> [DATA FOR REVIEW]
■ ■ ■ ■

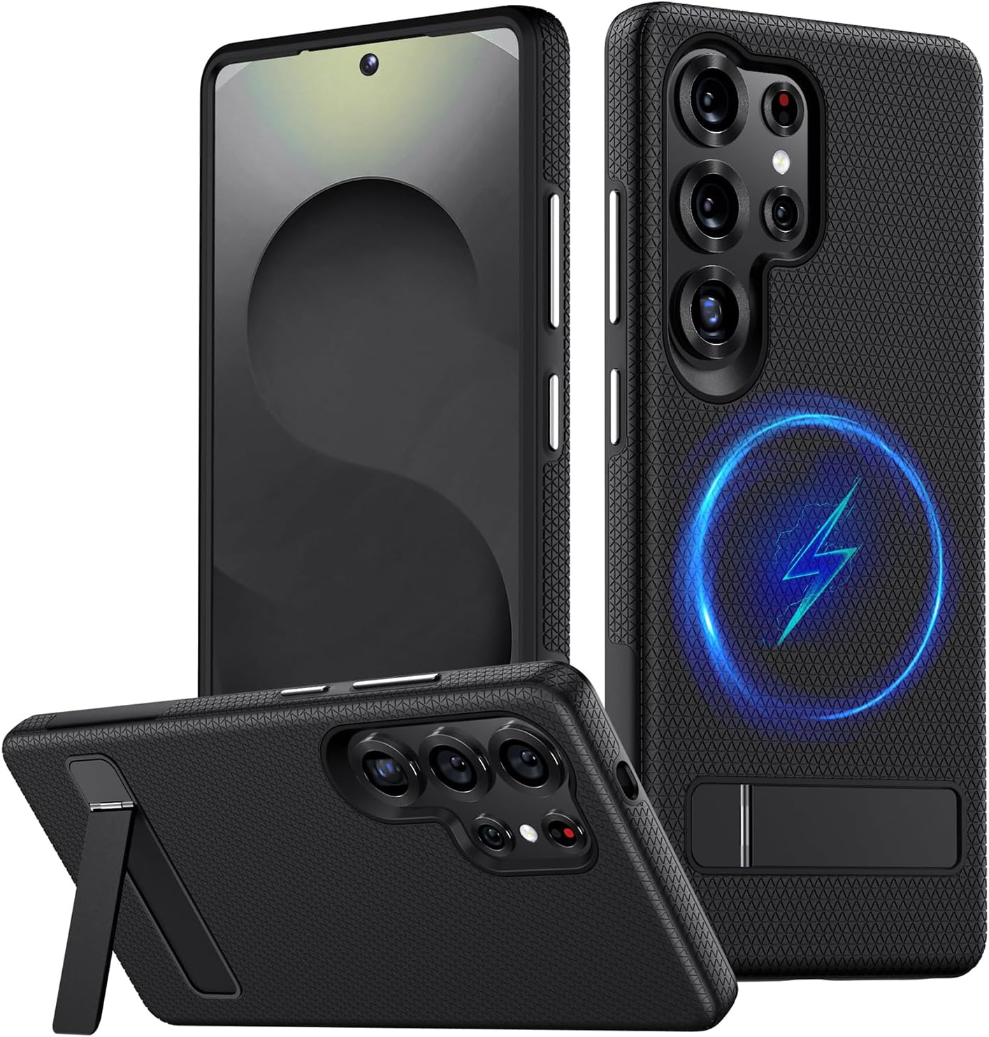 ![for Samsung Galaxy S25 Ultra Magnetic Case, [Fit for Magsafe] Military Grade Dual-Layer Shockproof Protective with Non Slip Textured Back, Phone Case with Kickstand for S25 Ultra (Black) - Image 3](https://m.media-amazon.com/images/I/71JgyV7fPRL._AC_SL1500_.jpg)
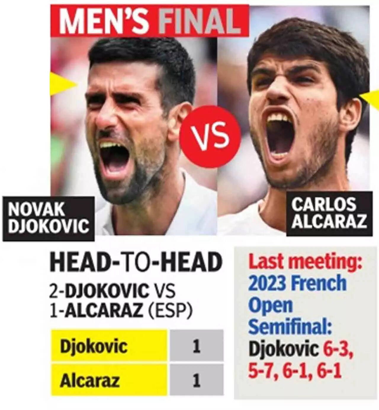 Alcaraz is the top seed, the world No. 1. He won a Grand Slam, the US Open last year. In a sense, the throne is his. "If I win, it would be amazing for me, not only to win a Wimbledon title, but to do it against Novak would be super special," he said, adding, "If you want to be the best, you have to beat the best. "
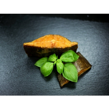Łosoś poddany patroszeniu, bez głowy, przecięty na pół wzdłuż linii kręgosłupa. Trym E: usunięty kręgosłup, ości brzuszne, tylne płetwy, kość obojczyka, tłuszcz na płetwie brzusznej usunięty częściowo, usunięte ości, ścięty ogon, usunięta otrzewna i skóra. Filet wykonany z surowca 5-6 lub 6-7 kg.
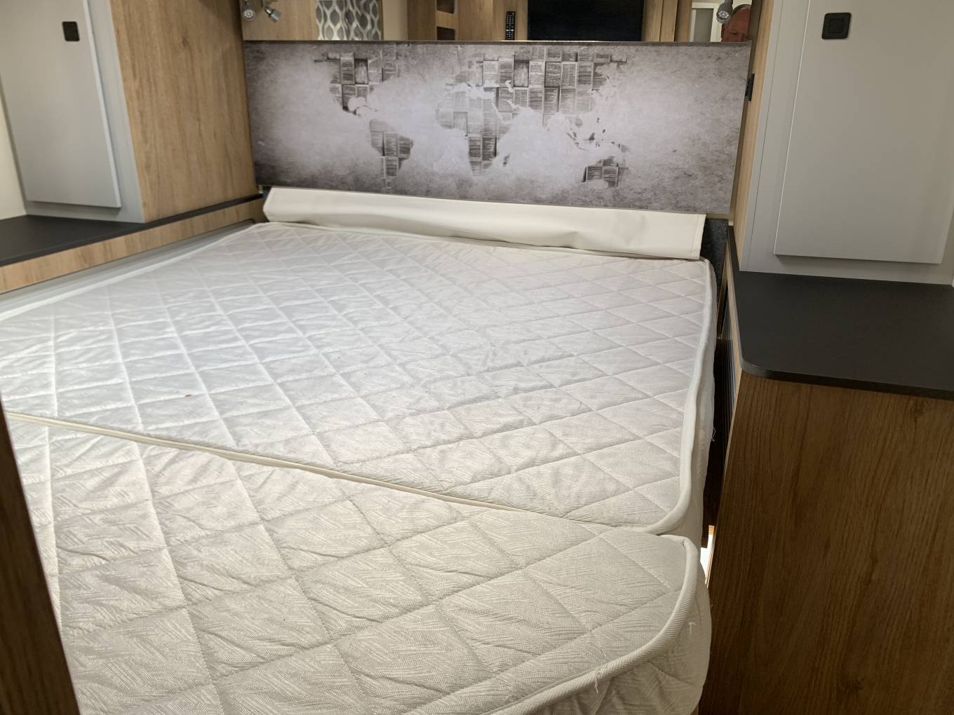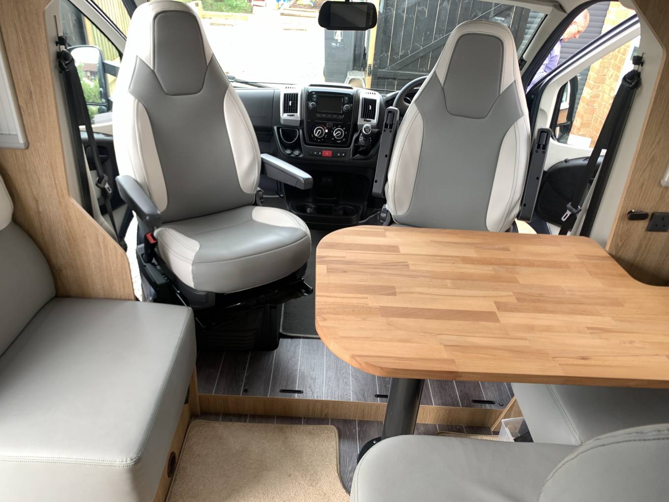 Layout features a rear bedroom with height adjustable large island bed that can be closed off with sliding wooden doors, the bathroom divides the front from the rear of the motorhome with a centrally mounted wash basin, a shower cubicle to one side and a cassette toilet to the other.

■ ■ ■ ■

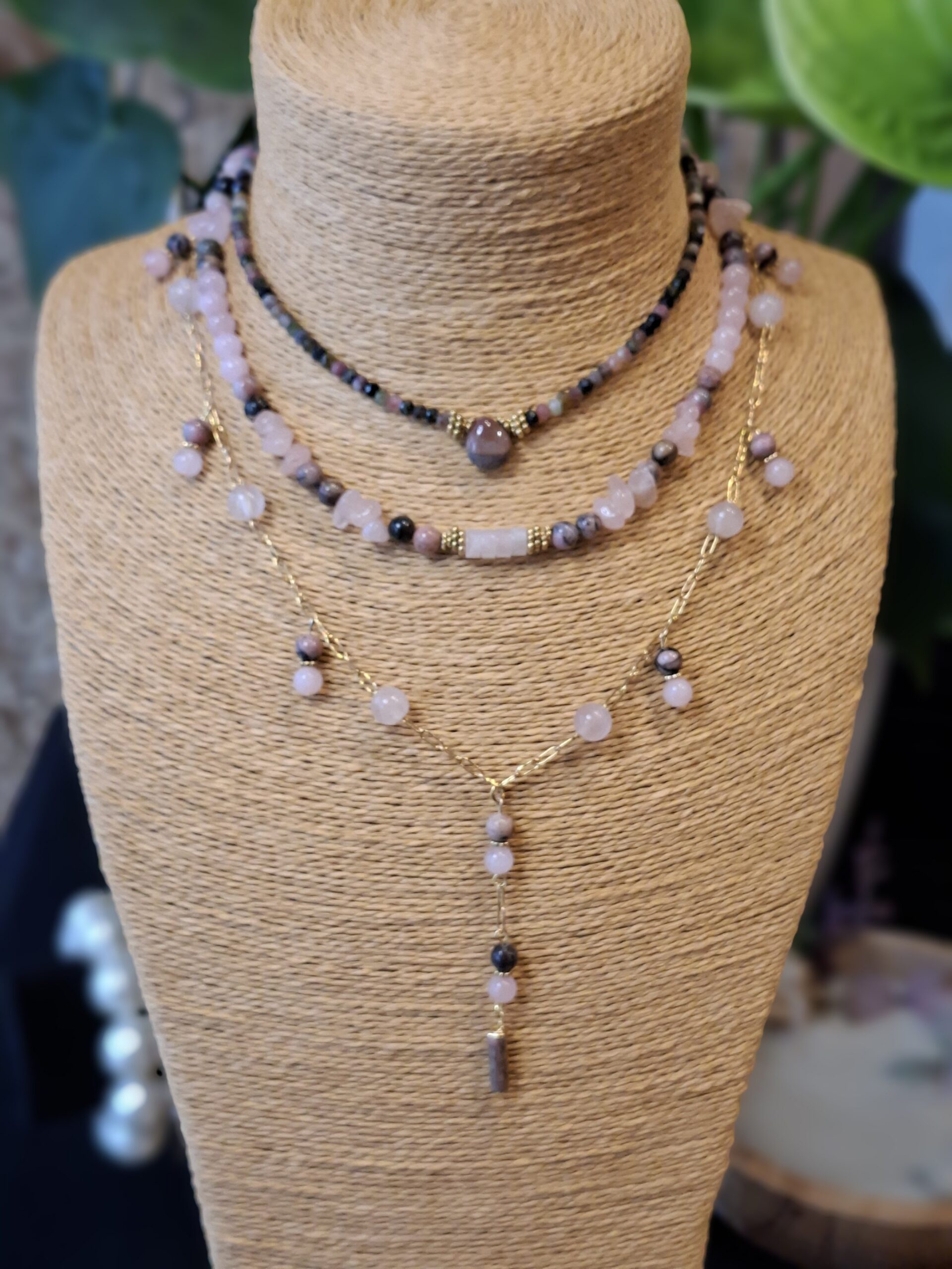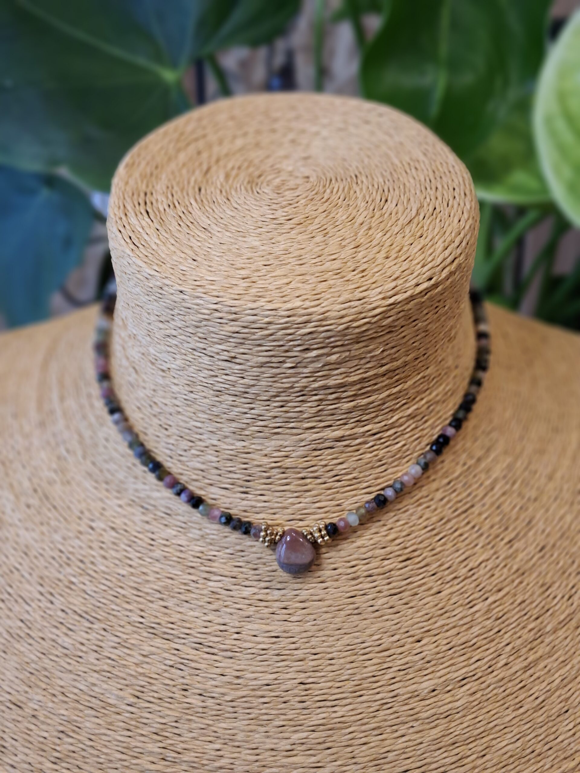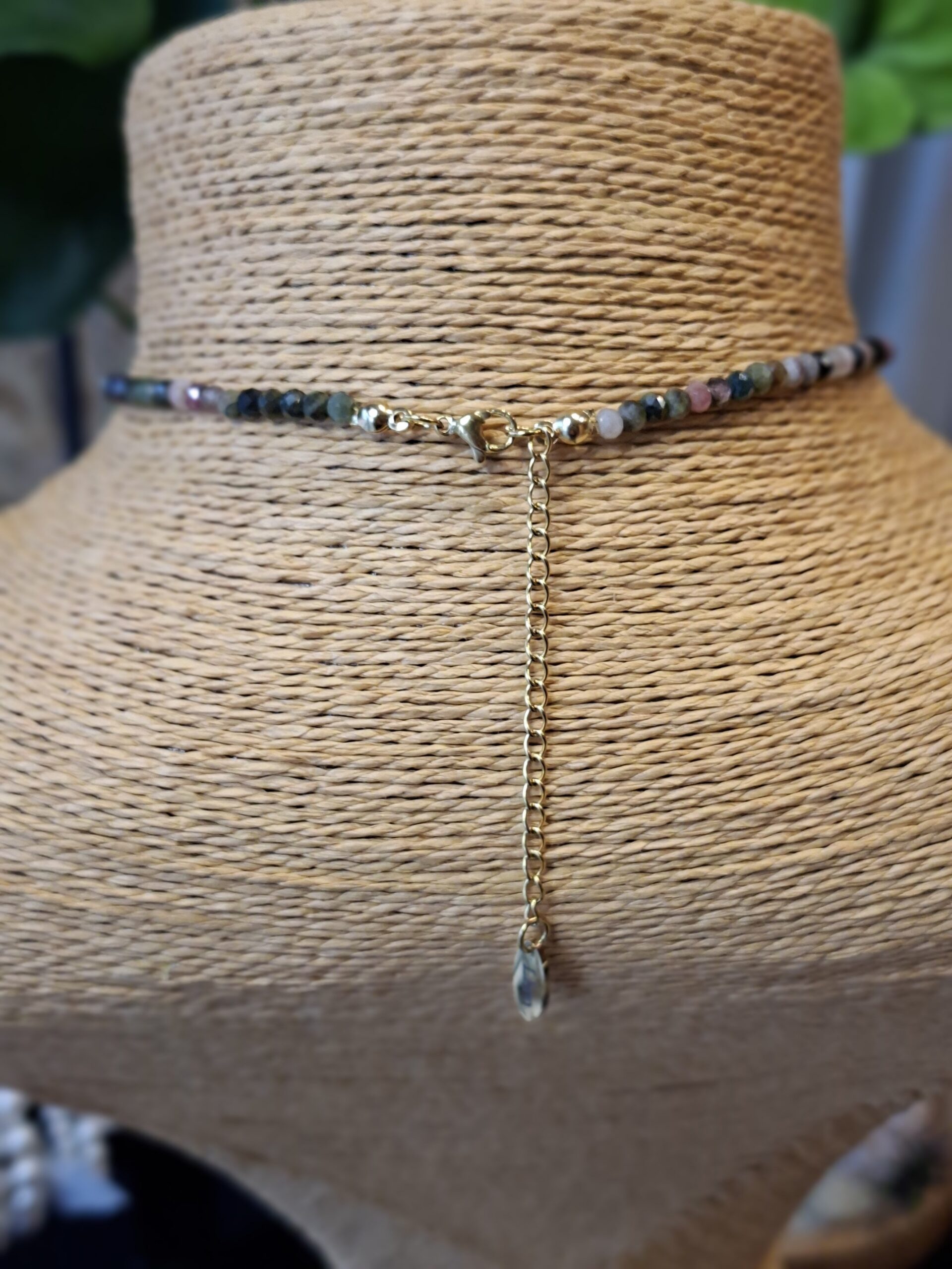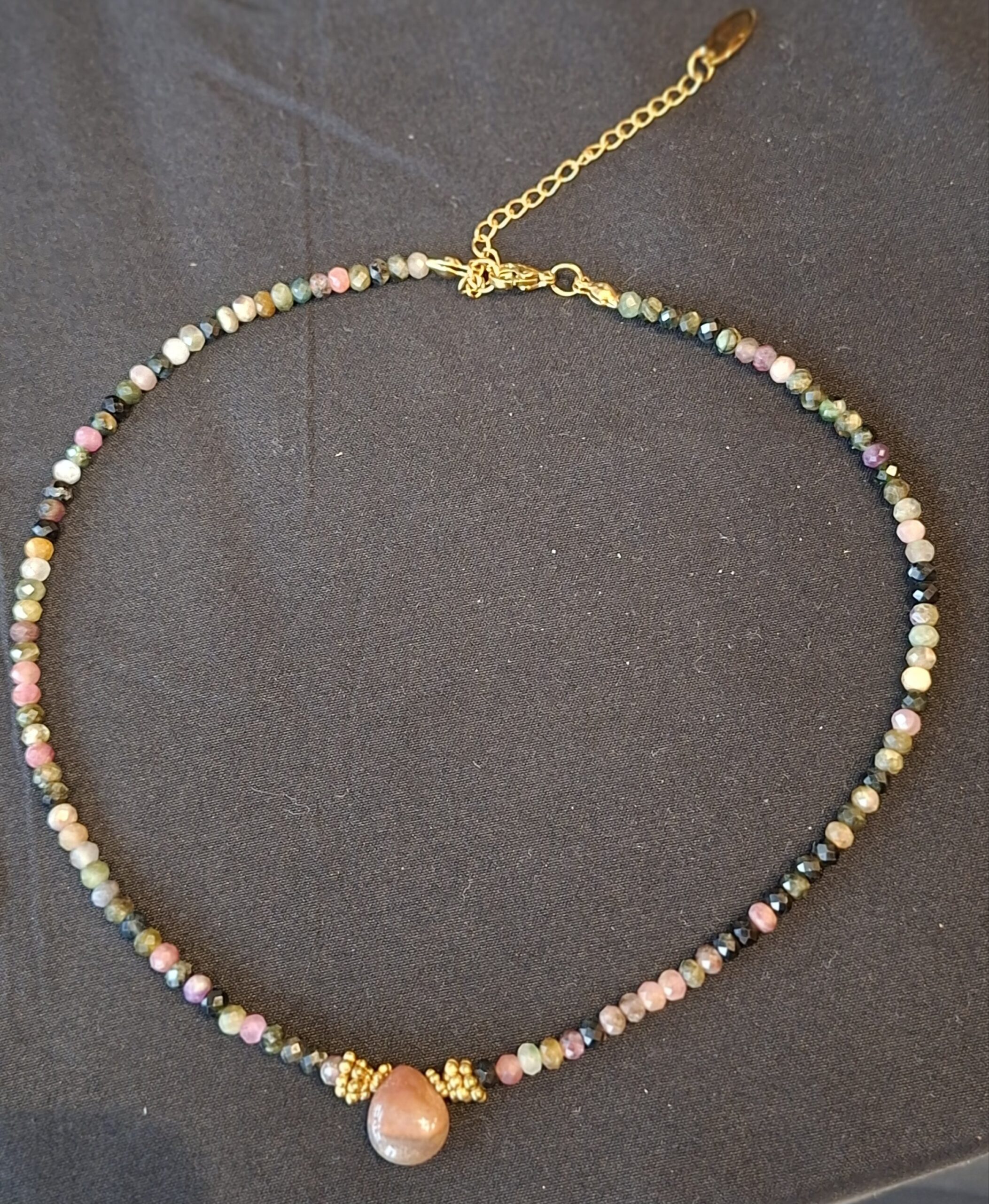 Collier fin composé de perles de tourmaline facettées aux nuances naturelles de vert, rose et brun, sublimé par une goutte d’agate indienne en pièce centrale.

■ ■ ■ ■

> [WHAT IS EXPECTED] Output exactly the lines of the listing above that start with the one holding "Samsung Galaxy S25" and go on through the one holding "Layout features a"; leave the pictures out.

> [RESULT OF THIS TASK]
 ![for Samsung Galaxy S25 Ultra Magnetic Case, [Fit for Magsafe] Military Grade Dual-Layer Shockproof Protective with Non Slip Textured Back, Phone Case with Kickstand for S25 Ultra (Black) - Image 3](https://m.media-amazon.com/images/I/71JgyV7fPRL._AC_SL1500_.jpg)
 Alcaraz is the top seed, the world No. 1. He won a Grand Slam, the US Open last year. In a sense, the throne is his. "If I win, it would be amazing for me, not only to win a Wimbledon title, but to do it against Novak would be super special," he said, adding, "If you want to be the best, you have to beat the best. "
Łosoś poddany patroszeniu, bez głowy, przecięty na pół wzdłuż linii kręgosłupa. Trym E: usunięty kręgosłup, ości brzuszne, tylne płetwy, kość obojczyka, tłuszcz na płetwie brzusznej usunięty częściowo, usunięte ości, ścięty ogon, usunięta otrzewna i skóra. Filet wykonany z surowca 5-6 lub 6-7 kg.
 Layout features a rear bedroom with height adjustable large island bed that can be closed off with sliding wooden doors, the bathroom divides the front from the rear of the motorhome with a centrally mounted wash basin, a shower cubicle to one side and a cassette toilet to the other.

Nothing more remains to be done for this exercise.